WHAT THE TASK REQUIRES – The required output is the stretch from the line containing "그의 얘기를 들으니 이전" through the line containing "综合各方面来看,哈登本赛季的" in the records below, unaltered and with no pictures.

DATA PROVIDED –

........

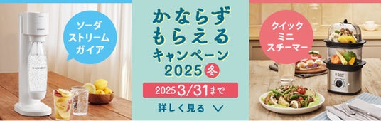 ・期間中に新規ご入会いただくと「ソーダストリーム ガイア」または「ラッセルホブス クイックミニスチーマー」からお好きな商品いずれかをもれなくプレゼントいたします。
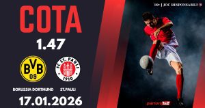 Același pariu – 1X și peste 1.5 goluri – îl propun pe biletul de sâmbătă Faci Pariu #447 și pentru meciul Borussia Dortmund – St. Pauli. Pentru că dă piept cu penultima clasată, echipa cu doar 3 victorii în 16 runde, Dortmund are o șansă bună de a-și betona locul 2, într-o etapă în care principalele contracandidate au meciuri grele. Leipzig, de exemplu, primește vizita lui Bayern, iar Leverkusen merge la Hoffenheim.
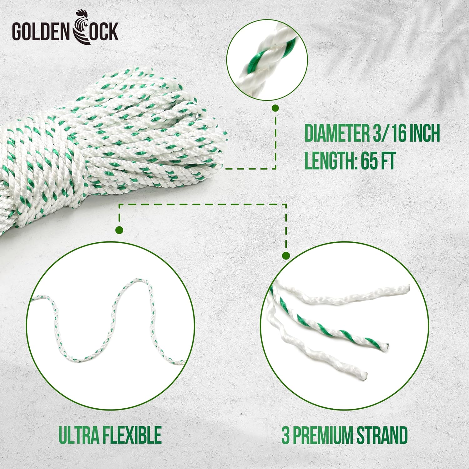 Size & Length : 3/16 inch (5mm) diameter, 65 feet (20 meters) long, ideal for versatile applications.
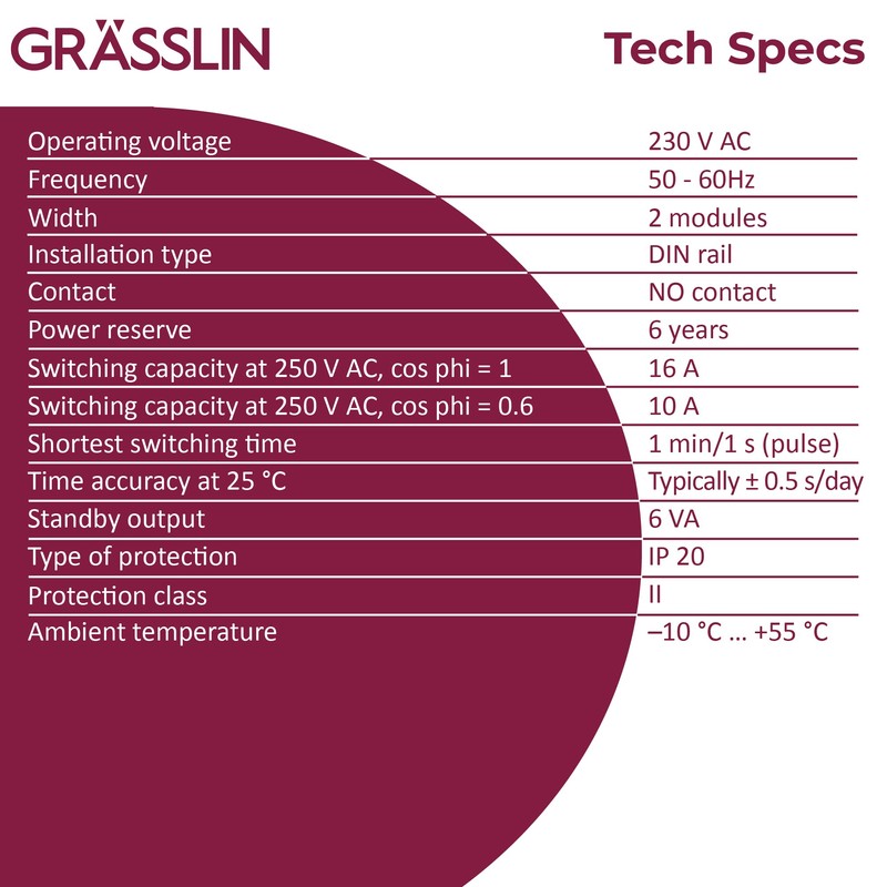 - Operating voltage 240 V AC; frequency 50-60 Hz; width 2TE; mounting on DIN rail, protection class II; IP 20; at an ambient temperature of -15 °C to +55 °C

........

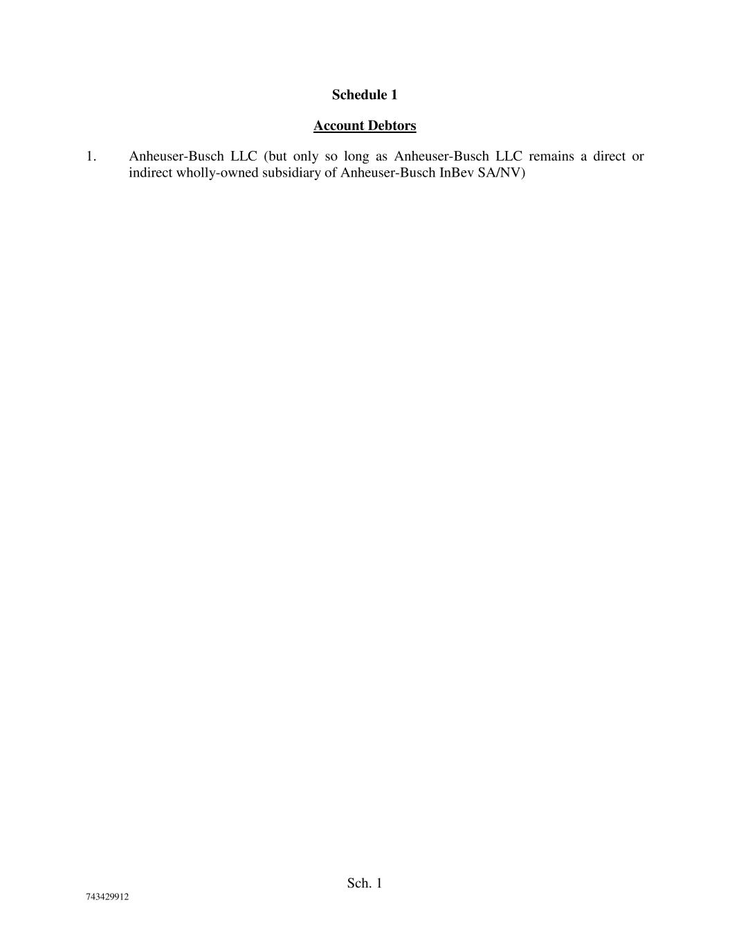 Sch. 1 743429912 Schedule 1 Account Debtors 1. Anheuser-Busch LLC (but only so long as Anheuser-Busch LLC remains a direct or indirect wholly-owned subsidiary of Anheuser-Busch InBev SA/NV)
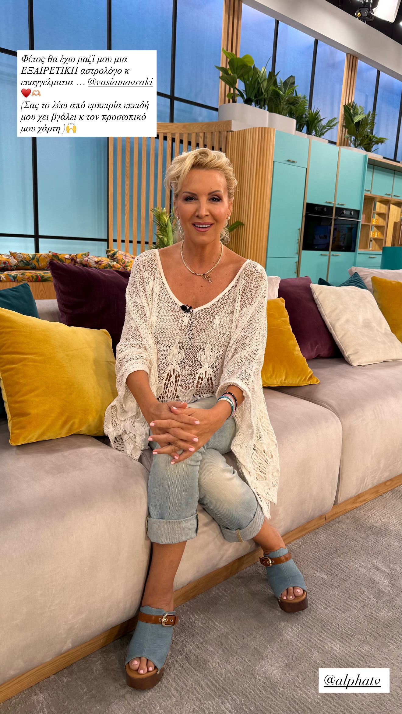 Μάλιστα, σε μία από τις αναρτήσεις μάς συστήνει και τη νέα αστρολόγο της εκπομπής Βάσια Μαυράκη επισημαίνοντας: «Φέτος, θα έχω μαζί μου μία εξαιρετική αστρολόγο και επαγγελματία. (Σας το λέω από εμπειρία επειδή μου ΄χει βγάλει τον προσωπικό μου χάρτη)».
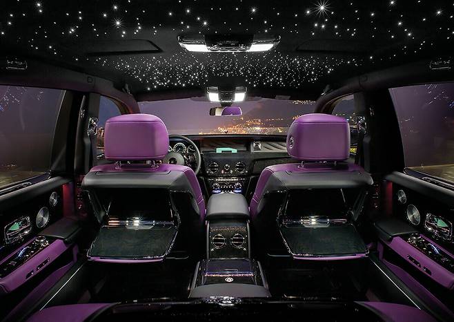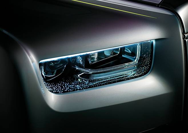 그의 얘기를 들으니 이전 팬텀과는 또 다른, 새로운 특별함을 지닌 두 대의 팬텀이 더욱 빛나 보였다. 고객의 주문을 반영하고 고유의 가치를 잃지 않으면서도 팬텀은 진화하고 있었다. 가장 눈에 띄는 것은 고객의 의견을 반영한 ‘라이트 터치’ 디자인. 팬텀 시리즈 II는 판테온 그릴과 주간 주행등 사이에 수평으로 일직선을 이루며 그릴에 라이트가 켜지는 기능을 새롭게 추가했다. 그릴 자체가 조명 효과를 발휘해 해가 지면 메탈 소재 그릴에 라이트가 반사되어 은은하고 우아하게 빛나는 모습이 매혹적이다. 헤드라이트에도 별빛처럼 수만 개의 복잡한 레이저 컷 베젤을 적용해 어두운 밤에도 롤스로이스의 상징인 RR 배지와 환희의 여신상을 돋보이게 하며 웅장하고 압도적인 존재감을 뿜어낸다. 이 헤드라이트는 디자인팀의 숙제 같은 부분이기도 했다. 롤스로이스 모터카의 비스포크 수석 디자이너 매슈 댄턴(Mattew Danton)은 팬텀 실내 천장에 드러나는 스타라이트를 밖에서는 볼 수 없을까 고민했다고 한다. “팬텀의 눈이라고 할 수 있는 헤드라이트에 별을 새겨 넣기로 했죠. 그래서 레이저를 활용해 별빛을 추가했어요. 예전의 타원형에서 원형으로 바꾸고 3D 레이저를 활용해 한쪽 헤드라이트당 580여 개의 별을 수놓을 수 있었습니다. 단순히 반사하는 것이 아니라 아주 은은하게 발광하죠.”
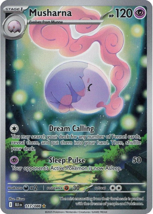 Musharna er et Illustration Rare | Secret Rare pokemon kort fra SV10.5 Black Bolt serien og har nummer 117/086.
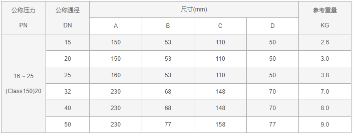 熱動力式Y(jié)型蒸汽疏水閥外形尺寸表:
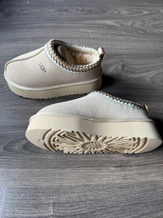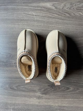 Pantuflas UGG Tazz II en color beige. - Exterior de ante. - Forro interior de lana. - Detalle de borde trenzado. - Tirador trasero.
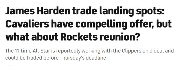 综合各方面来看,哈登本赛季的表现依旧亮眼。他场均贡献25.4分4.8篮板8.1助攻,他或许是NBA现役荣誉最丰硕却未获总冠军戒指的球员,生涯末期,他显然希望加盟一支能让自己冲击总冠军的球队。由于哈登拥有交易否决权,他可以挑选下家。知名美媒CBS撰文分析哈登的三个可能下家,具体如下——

........

TASK OUTPUT –
 그의 얘기를 들으니 이전 팬텀과는 또 다른, 새로운 특별함을 지닌 두 대의 팬텀이 더욱 빛나 보였다. 고객의 주문을 반영하고 고유의 가치를 잃지 않으면서도 팬텀은 진화하고 있었다. 가장 눈에 띄는 것은 고객의 의견을 반영한 ‘라이트 터치’ 디자인. 팬텀 시리즈 II는 판테온 그릴과 주간 주행등 사이에 수평으로 일직선을 이루며 그릴에 라이트가 켜지는 기능을 새롭게 추가했다. 그릴 자체가 조명 효과를 발휘해 해가 지면 메탈 소재 그릴에 라이트가 반사되어 은은하고 우아하게 빛나는 모습이 매혹적이다. 헤드라이트에도 별빛처럼 수만 개의 복잡한 레이저 컷 베젤을 적용해 어두운 밤에도 롤스로이스의 상징인 RR 배지와 환희의 여신상을 돋보이게 하며 웅장하고 압도적인 존재감을 뿜어낸다. 이 헤드라이트는 디자인팀의 숙제 같은 부분이기도 했다. 롤스로이스 모터카의 비스포크 수석 디자이너 매슈 댄턴(Mattew Danton)은 팬텀 실내 천장에 드러나는 스타라이트를 밖에서는 볼 수 없을까 고민했다고 한다. “팬텀의 눈이라고 할 수 있는 헤드라이트에 별을 새겨 넣기로 했죠. 그래서 레이저를 활용해 별빛을 추가했어요. 예전의 타원형에서 원형으로 바꾸고 3D 레이저를 활용해 한쪽 헤드라이트당 580여 개의 별을 수놓을 수 있었습니다. 단순히 반사하는 것이 아니라 아주 은은하게 발광하죠.”
 Musharna er et Illustration Rare | Secret Rare pokemon kort fra SV10.5 Black Bolt serien og har nummer 117/086.
 熱動力式Y(jié)型蒸汽疏水閥外形尺寸表:
 Pantuflas UGG Tazz II en color beige. - Exterior de ante. - Forro interior de lana. - Detalle de borde trenzado. - Tirador trasero.
 综合各方面来看,哈登本赛季的表现依旧亮眼。他场均贡献25.4分4.8篮板8.1助攻,他或许是NBA现役荣誉最丰硕却未获总冠军戒指的球员,生涯末期,他显然希望加盟一支能让自己冲击总冠军的球队。由于哈登拥有交易否决权,他可以挑选下家。知名美媒CBS撰文分析哈登的三个可能下家,具体如下——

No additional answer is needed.